When we finally arrived at the airport, I was getting really excited to finally get a chance to use my Thai. My eyes darted around reading all the Thai signs, my ears alert for any signs of the language being spoken. Almost everyone around me, though, was foreign. My first disappointment on arriving in Thailand was the experience of waiting to go through customs in an endless sea of foreign tourists. There were people from all over, and it was interesting-- around me I heard German, French, Japanese, and some form of Chinese. But as far as I could see in all directions, everyone was waiting behind one of the signs that said "foreign passport". They were all standing there with their backpacks and their cameras and their overdone suntans, like a small army ready to take over the whole country. I knew Thailand was a popular tourist destination, but this was overwhelming. Around me, there was not one single Thai person. I wondered how much of "Thailand" would be left after this wave of quintessential un-Thainess was done crashing through it.

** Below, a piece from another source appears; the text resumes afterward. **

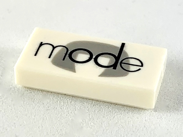 Tile 1 x 2 with Black 'mode' and Light Bluish Gray Wig Pattern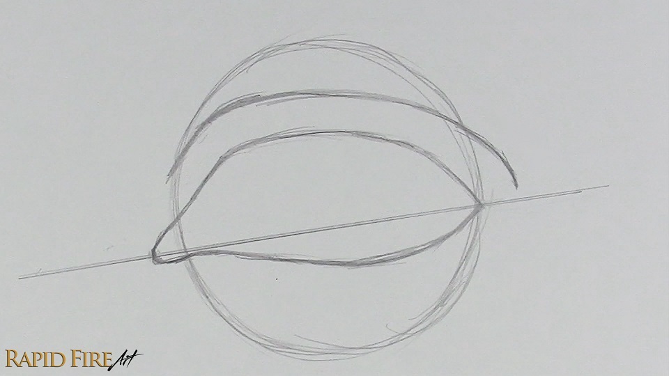 Decide on the slope or angle of the eye. Use a ruler to draw a line through your circle, keeping it fairly close to the center.

Unfortunately this unpleasant first impression turned out to be a theme that continued to rear its ugly head throughout my time in Thailand. Much of that time was spent, often unsuccessfully, trying to escape it. Trying to dig my way through the thick sludge of tourism that lay on the surface, and to find the "real" Thailand. Once in a while I caught glimpses of it, reached out to grab it, and almost, almost grasped a bit of it and made it my own. But I never quite got there. I didn't have enough time, I didn't have enough resources, and the sludge was just too thick. And I think this is what lies at the heart of my disillusionment.

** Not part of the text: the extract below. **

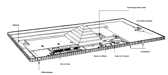und Scheinbauten. Es sind Nachahmungen der Paläste, die der Pharao zu Lebzeiten bewohnt hat sowie Zeremonienhöfe und ein Totentempel.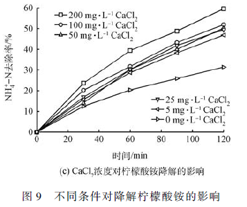 圖6 分別對比了在其他條件相同情況下改變投加量的初始檸檬酸銨的大小對氨氮去除的影響?梢钥闯,投加檸檬酸銨量越多去除效果越好。在初始濃度25 和50 mg·L - 1 時2 h 去除效果高達60% 左右。初始濃度5、10 和15 mg·L - 1 以N 計的檸檬酸銨時,2 h 去除效果分別為51. 7% 、45. 7% 和47. 2% 。原因在于加入的CaCl2 的量一定,檸檬酸銨的濃度越大,生成的檸檬酸鈣越多,反應(yīng)越容易進行,從而去除效果越好?偟膩碚f,檸檬酸銨初始濃度不同對去除效果影響不大,沒有明顯的變化趨勢。

It wouldn't have been a problem if I hadn't already invested so much of myself in this country. If I hadn't spent the past year and a half (albeit on and off) studying Thai-- if this language hadn't been my joy and my comfort and my escape for so long-- I could have just shrugged my shoulders and said "It's a nice country, but the overload of tourists kind of ruined it. Oh well. I'll just choose a less hyped-up place for my next vacation." But I couldn't. I had sold a piece of my soul to this place. It was like falling in love with someone only to come to the realization, much too late, that they just don't love you back. It was painful.

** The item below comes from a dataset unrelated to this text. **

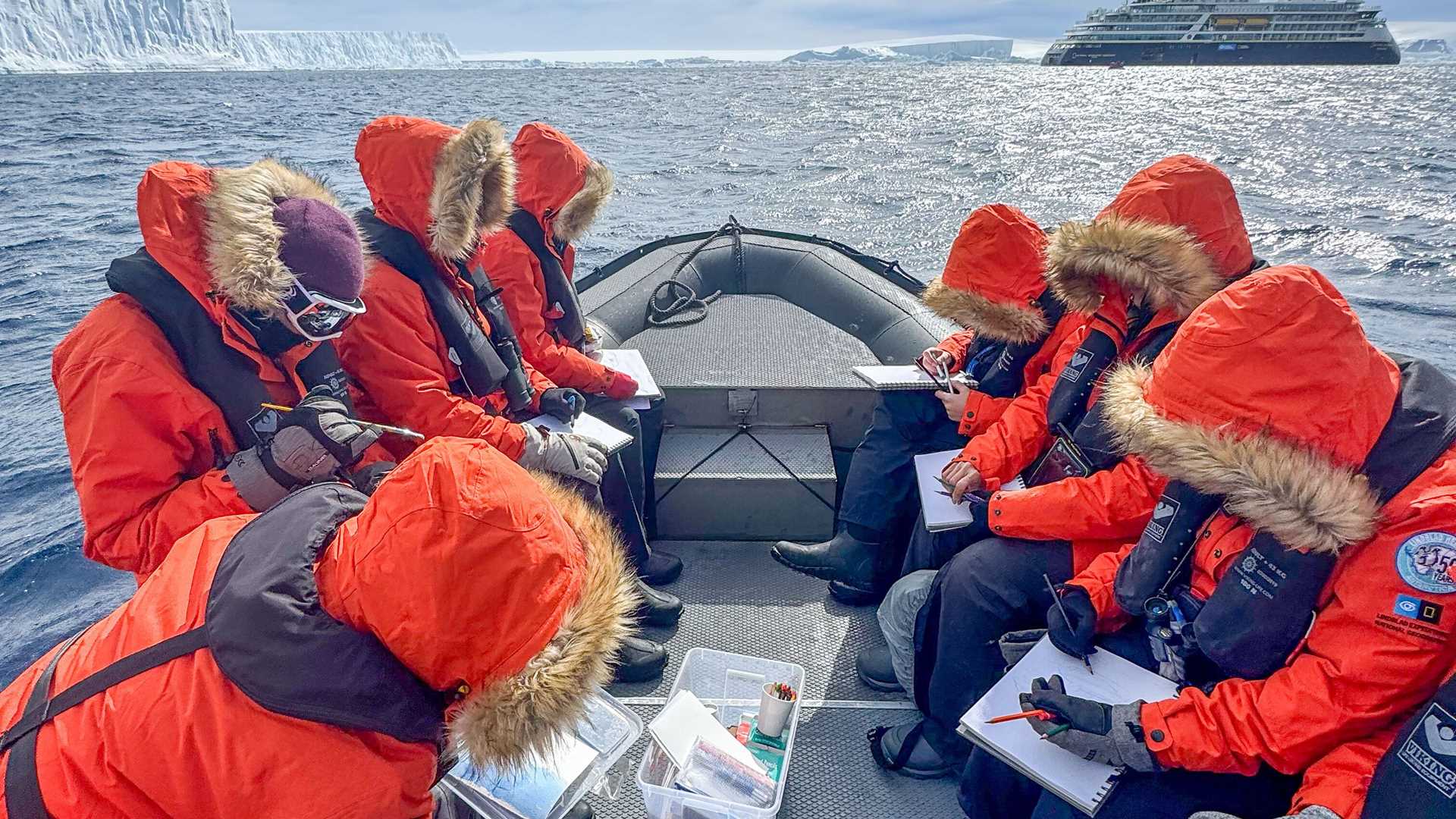 Today’s experience on National Geographic Endurance started with a meditative cruise in the Weddell Sea. We painted among glistening tabular icebergs and swimming gentoo penguins.

For me, traveling is not about taking nice photos. (Incidentally, my camera broke a few days into the trip, and most of the few photos I did manage to take are crap. The above picture was taken with my cell phone.) It's not about "seeing the sights". (Sure, I do enjoy visiting tourist attractions once in a while, as some of them really are impressive. But they are far from the most important part of a trip.) It's not about sampling exotic food (though Thai food is delicious), or relaxing on a pristine beach. (I didn't even go to the beach on this trip actually, though I did want to. But again, it wasn't important.) For me, traveling to another country-- especially a country whose language I've studied-- is about getting to know its culture, experiencing life first-hand through the eyes of its people, and hopefully finding the best parts of it and making them my own. For me, being completely lost in the middle of nowhere with a flat tire on my rented bicycle and getting directions from the lady selling instant coffee on the side of the road, who called her husband over to put air in my tire (yes, that really happened!), was a far more valuable experience than any guided tour on an air-conditioned bus. Such experiences are what I thrive on, but in Thailand they were few and far between. Part of it was due to the pervasiveness of the tourism industry, and part of it was due to my own weakness in not being bold enough to break through. Somewhere inside I'm afraid it's mostly the latter, but maybe you can help me decide.

Part of me wants to keep avoiding it, but I know I have to get this out of my system. I have to share my experience, just the way it was. It wasn't all bad, after all-- there were some very good moments. Maybe if I write them all out, I can get myself to believe that the real Thailand is still in there, somewhere. And that it really would be a place worth getting to.

You'll have to be patient with me, but I'm going to wrench it all out of myself over the next few days. I'm grateful to anyone who cares to come along.